CN101617130A - Be used to handle the method and apparatus of air compression system effluent - Google Patents
Be used to handle the method and apparatus of air compression system effluent Download PDFInfo
- Publication number
- CN101617130A CN101617130A CN200780041240A CN200780041240A CN101617130A CN 101617130 A CN101617130 A CN 101617130A CN 200780041240 A CN200780041240 A CN 200780041240A CN 200780041240 A CN200780041240 A CN 200780041240A CN 101617130 A CN101617130 A CN 101617130A
- Authority
- CN
- China
- Prior art keywords
- heat exchanger
- effluent
- motor
- air compression
- compression system
- Prior art date
- Legal status (The legal status is an assumption and is not a legal conclusion.

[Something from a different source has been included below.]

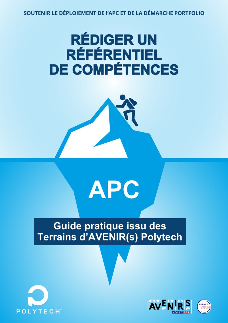 Ce guide propose de contribuer à ce contexte à partir de retours d’expérience pour répondre à certaines difficultés que les équipes peuvent rencontrer lors de la mise en œuvre de l’APC. Ce guide a vu le jour dans le cadre du programme AVENIR(s) France 2030 et s’inscrit dans son action 1 qui vise à soutenir l’accompagnement au déploiement de l’APC et de la démarche portfolio au sein de l’enseignement supérieur français. Il a été rédigé à partir des retours d’expérience des premiers Terrains d’AVENIR(s) (TA) Polytech engagés dans la démarche, ainsi que deux autres spécialités ayant accepté de partager leur expérience. Nous les en remercions chaleureusement. Ce guide s’adresse aux équipes pédagogiques qui sont impliquées dans la démarche APC et qui rencontreraient les mêmes difficultés que les terrains d’AVENIR(s) Polytech. Les éléments présentés seront donc issus d’un contexte ingénieur mais pourront intéresser d’autres équipes de l’enseignement supérieur cheminant vers l’APC.
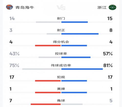 體育播報3月20日宣 本輪中超,青島海牛1-4浙江隊。雙方全場重點數據對比如下↓(主隊海牛在前)

Google has not performed a legal analysis and makes no representation as to the accuracy of the status listed.)
- Granted
Links
- 238000007906 compression Methods 0.000 title claims description 21
- 230000006835 compression Effects 0.000 title claims description 20
- 238000000034 method Methods 0.000 title claims description 14
- 230000008016 vaporization Effects 0.000 claims abstract description 17
- 238000012546 transfer Methods 0.000 claims abstract description 4
- 239000006262 metallic foam Substances 0.000 claims description 16
- 238000004891 communication Methods 0.000 claims description 3
- 238000013022 venting Methods 0.000 claims 1
- 238000009834 vaporization Methods 0.000 abstract description 13
- 239000006227 byproduct Substances 0.000 abstract description 3
- 238000003672 processing method Methods 0.000 abstract description 3
- 239000003570 air Substances 0.000 description 61
- 238000009833 condensation Methods 0.000 description 5
- 230000005494 condensation Effects 0.000 description 5
- 238000005260 corrosion Methods 0.000 description 5
- 230000007797 corrosion Effects 0.000 description 5
- 239000000203 mixture Substances 0.000 description 5
- XLYOFNOQVPJJNP-UHFFFAOYSA-N water Substances O XLYOFNOQVPJJNP-UHFFFAOYSA-N 0.000 description 5
- 241000628997 Flos Species 0.000 description 4
- 238000001816 cooling Methods 0.000 description 4
- 239000007789 gas Substances 0.000 description 3
- 239000012080 ambient air Substances 0.000 description 2
- 239000007859 condensation product Substances 0.000 description 2
- 238000001035 drying Methods 0.000 description 2
- 238000010438 heat treatment Methods 0.000 description 2
- 239000003344 environmental pollutant Substances 0.000 description 1
- 238000001704 evaporation Methods 0.000 description 1
- 230000008020 evaporation Effects 0.000 description 1
- 239000007788 liquid Substances 0.000 description 1
- 239000000463 material Substances 0.000 description 1
- 239000002184 metal Substances 0.000 description 1
- 238000012986 modification Methods 0.000 description 1
- 230000004048 modification Effects 0.000 description 1
- 238000005457 optimization Methods 0.000 description 1
- 231100000719 pollutant Toxicity 0.000 description 1
- 238000012545 processing Methods 0.000 description 1
- 238000000746 purification Methods 0.000 description 1
- 239000004576 sand Substances 0.000 description 1
- 229920006395 saturated elastomer Polymers 0.000 description 1
- 241000894007 species Species 0.000 description 1
- 230000002269 spontaneous effect Effects 0.000 description 1
- 239000007921 spray Substances 0.000 description 1
- 230000000153 supplemental effect Effects 0.000 description 1
Images
Classifications
-
- F—MECHANICAL ENGINEERING; LIGHTING; HEATING; WEAPONS; BLASTING
- F04—POSITIVE - DISPLACEMENT MACHINES FOR LIQUIDS; PUMPS FOR LIQUIDS OR ELASTIC FLUIDS
- F04B—POSITIVE-DISPLACEMENT MACHINES FOR LIQUIDS; PUMPS
- F04B39/00—Component parts, details, or accessories, of pumps or pumping systems specially adapted for elastic fluids, not otherwise provided for in, or of interest apart from, groups F04B25/00 - F04B37/00
- F04B39/16—Filtration; Moisture separation
Abstract
The effluent processing method is used to make this effluent vaporization from the heat energy of motor.Engine-driving produces the air compressor of pressurized air and effluent by product.Be communicated with heat exchanger from the heat energy of motor with from the effluent of air compressor.After reaching suitable temperature, heat exchanger with thermal energy transfer to effluent, thereby at least a portion of vaporization effluent.
Description
Background of invention
The application relates to air compression system, and more specifically, relates to the processing air compression system effluent.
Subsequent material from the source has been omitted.